## [PROBLEM REQUIREMENTS]
No pictures go into the copy. Write out exactly the lines below from the one containing "The studio features" through the one containing "ถึง ๒ ปี สังกัดกอง/สำนักส่วนกลาง".

═══ LISTED RECORDS ═══

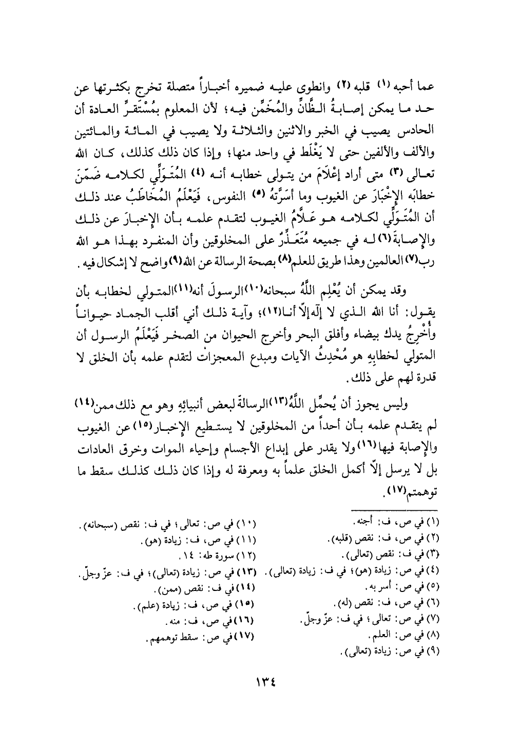 عَمَّا أحبه قلبه وانطوى عَلَيْهِ ضَمِيره أَخْبَارًا مُتَّصِلَة تخرج بكثرتها عَن حد مَا يُمكن إِصَابَة الظَّان والمخمن فِيهِ لِأَن الْمَعْلُوم بمستقر الْعَادة أَن الحادس يُصِيب فِي الْخَبَر والاثنين وَالثَّلَاثَة وَلَا يُصِيب فِي الْمِائَة والمائتين وَالْألف والألفين حَتَّى لَا يغلط فِي وَاحِد مِنْهَا وَإِذا كَانَ ذَلِك كَذَلِك كَانَ الله تَعَالَى مَتى أَرَادَ إِعْلَام من يتَوَلَّى خطابه أَنه الْمُتَوَلِي لكَلَامه ضمن خطابه الْإِخْبَار عَن الغيوب وَمَا أسرته النُّفُوس فَيعلم الْمُخَاطب عِنْد ذَلِك أَن الْمُتَوَلِي لكَلَامه هُوَ علام الغيوب لتقدم علمه بِأَن الْإِخْبَار عَن ذَلِك والإصابة لَهُ فِي جَمِيعه مُتَعَذر على المخلوقين وَأَن الْمُنْفَرد بِهَذَا هُوَ الله رب الْعَالمين وَهَذَا طَرِيق للْعلم بِصِحَّة الرسَالَة عَن الله وَاضح لَا إِشْكَال فِيهِ
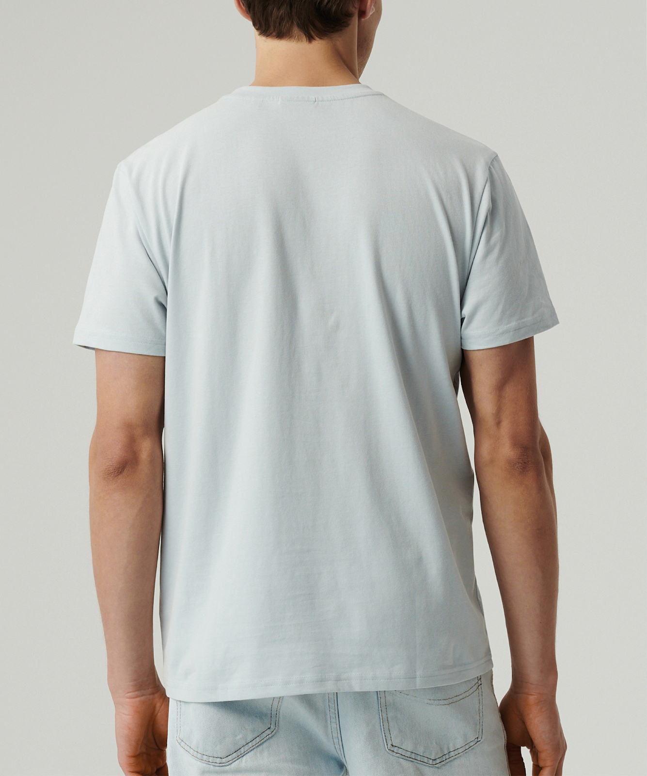 Классический фасон, круглый вырез у горловины, короткие рукава. Изготовлена из хлопка высочайшего качества с бархатистым эффектом «Peach Effect».
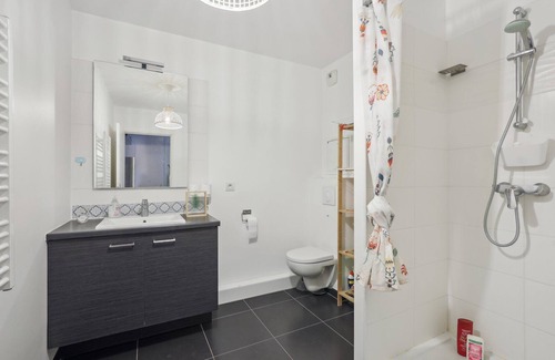 The studio features a well-appointed space with a cozy double bed and a practical bunk bed, guaranteeing a restful sleep after a busy day exploring the wonders of Paris.
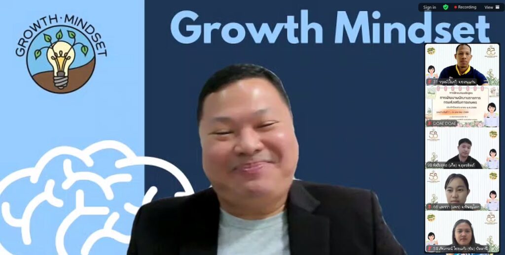 ถึง ๒ ปี สังกัดกอง/สำนักส่วนกลาง และส่วนภูมิภาค จำนวน ๑๐๐ คน วิทยากรและผู้ดำเนินการจัด จำนวน ๑๐ คนผ่านระบบ zoomeeting ณ สำนักงานเกษตรอำเภอพล ตำบลโนนข่า อำเภอพล จังหวัดขอนแก่น
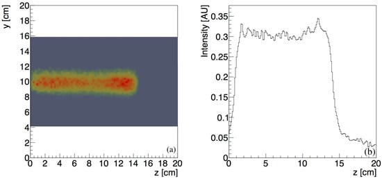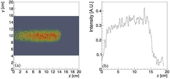 The reconstructed measured lateral profile of the positron emitters produced in the PMMA phantom after a 150 MeV proton irradiation is shown in Figure 10a. The width of the activity distribution in the y-direction perpendicular to the beam axis reflects the beam spot size, the scattering of the secondary particles produced in the target volume and the intrinsic experimental resolution of the detection system. The gray area corresponds to the reconstructed field of view. The one-dimensional profile of the induced positron activity along the beam z-axis at the central position cm is shown in Figure 10b.
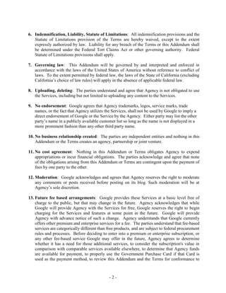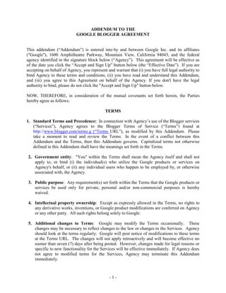 This addendum modifies the Google Blogger Terms of Service for use by a federal agency. Key points include:
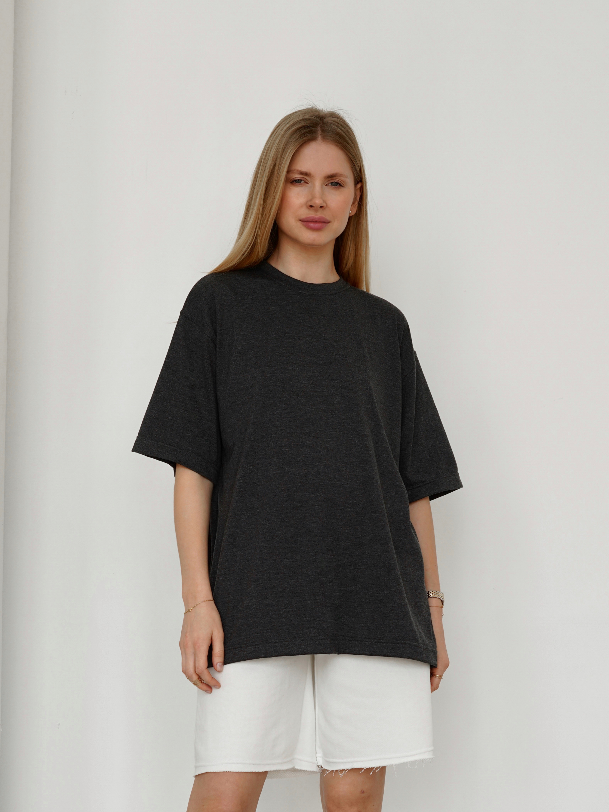 Ідеальна базова футболка на всі випадки життя у 6 кольорах. Фасон оверсайз. Виконана з м`якого та приємного матеріалу кулір (50% бавовна, 47% віскоза, 3% еластан). Гарно тримає форму. За рахунок якісно оброблених швів, широких рукавів та плотного матеріалу виглядає якісно та дорого. Можна поєднувати абсолютно з усім джинсами, класичними брюками, спідницями, шортами, легінсами. Слугуватиме ідеальною базою для багатошарових образів на весняно-осінній сезон та довершеним верхом на літо. Прослужить вам багато сезонів поспіль. Радимо брати одразу у кількох кольорах ;) Радимо обрати варіант футболки Tall дівчатам високого зросту. Колір виробу на фотографії може відрізнятися від реального кольору товару, що пов'язано з особливостями передачі кольору на моніторі, налаштуваннями фотоапаратури чи іншими факторами. One size Довжина по спині : 72 см Довжина рукава : 26 см Напівобхват грудей : 58 см Плечі : 53 см Ширина по низу : 57 см

═══

## [RESULT OF THE TASK]
 The studio features a well-appointed space with a cozy double bed and a practical bunk bed, guaranteeing a restful sleep after a busy day exploring the wonders of Paris.
 ถึง ๒ ปี สังกัดกอง/สำนักส่วนกลาง และส่วนภูมิภาค จำนวน ๑๐๐ คน วิทยากรและผู้ดำเนินการจัด จำนวน ๑๐ คนผ่านระบบ zoomeeting ณ สำนักงานเกษตรอำเภอพล ตำบลโนนข่า อำเภอพล จังหวัดขอนแก่น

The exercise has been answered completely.